PLC Systems: What They Are and Where to Source Obsolete Parts

Programmable logic controllers are the decision-making hardware at the heart of modern industrial automation. From the simplest conveyor control to the most complex multi-axis coordinated manufacturing process, a PLC system provides the programmable intelligence that reads inputs, executes control logic, and drives outputs to keep machinery running to specification. K2 Automation stocks PLC systems and components from the world’s leading manufacturers, including both current product lines and the legacy hardware that continues to operate inside machinery long after it has reached end-of-life status with its original manufacturer.

What Is a PLC System and How Does It Work?

A programmable logic controller is an industrial digital computer designed specifically for the control of manufacturing processes and machinery. Unlike a general-purpose computer, a PLC is built to operate reliably in industrial environments, tolerating vibration, electrical noise, temperature extremes, and the demanding duty cycles of continuous production operation. The term was coined in the late 1960s when the first programmable controllers began to replace relay-based control panels in automotive assembly plants, and the technology has evolved continuously since then.

At its core, a PLC system consists of a central processing unit, input modules that receive signals from sensors, switches, and other field devices, output modules that send control signals to actuators, motors, valves, and other driven components, and a power supply.
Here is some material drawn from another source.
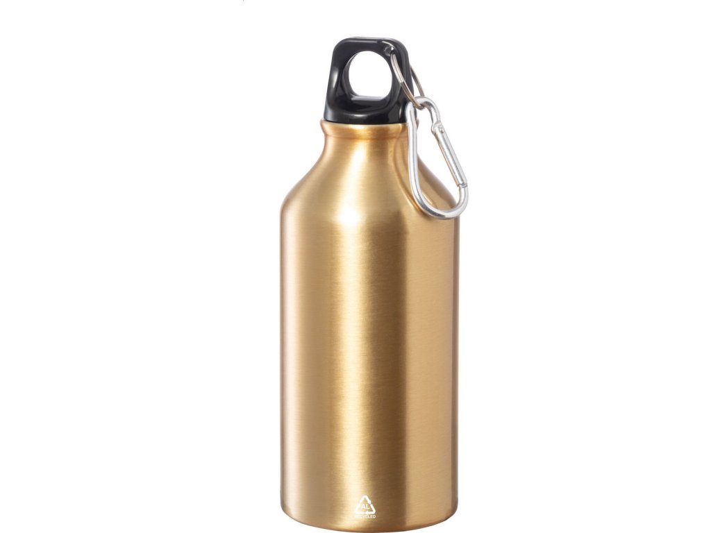 Láhev z recyklovaného hliníku s karabinkou z recyklovaného hliníku, 400 ml.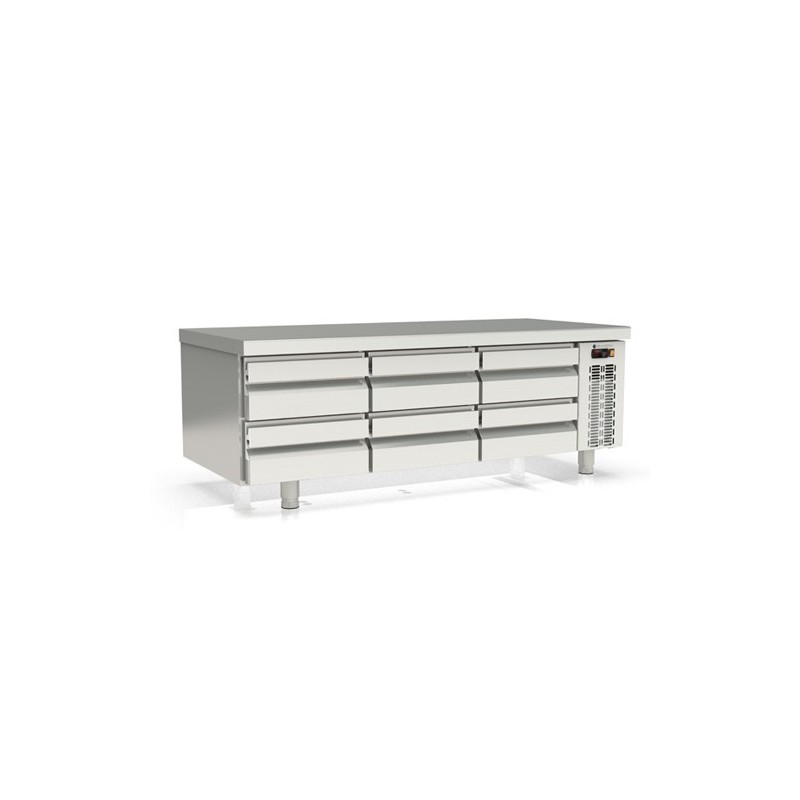 Cajoneras refrigeradas inox desmontables sobre guías inox telescópicas, sistema auto-cierre de serie.

In larger installations, communication modules link the PLC to supervisory systems, other controllers, and human machine interfaces. The CPU executes the control programme in a repetitive scan cycle, reading all inputs, applying the programmed logic, updating all outputs, and then repeating the process continuously at scan rates measured in milliseconds.

The control programme itself is most commonly written in ladder logic, a graphical language that represents the control logic as a series of rungs on a ladder, with contact symbols representing inputs and coil symbols representing outputs. The visual structure of ladder logic was chosen deliberately to resemble the relay control diagrams it replaced, making the transition accessible to electrical engineers already familiar with relay schematics. IEC 61131-3, the international standard for PLC programming, defines five standardised programming languages including ladder logic, structured text, function block diagram, instruction list, and sequential function chart.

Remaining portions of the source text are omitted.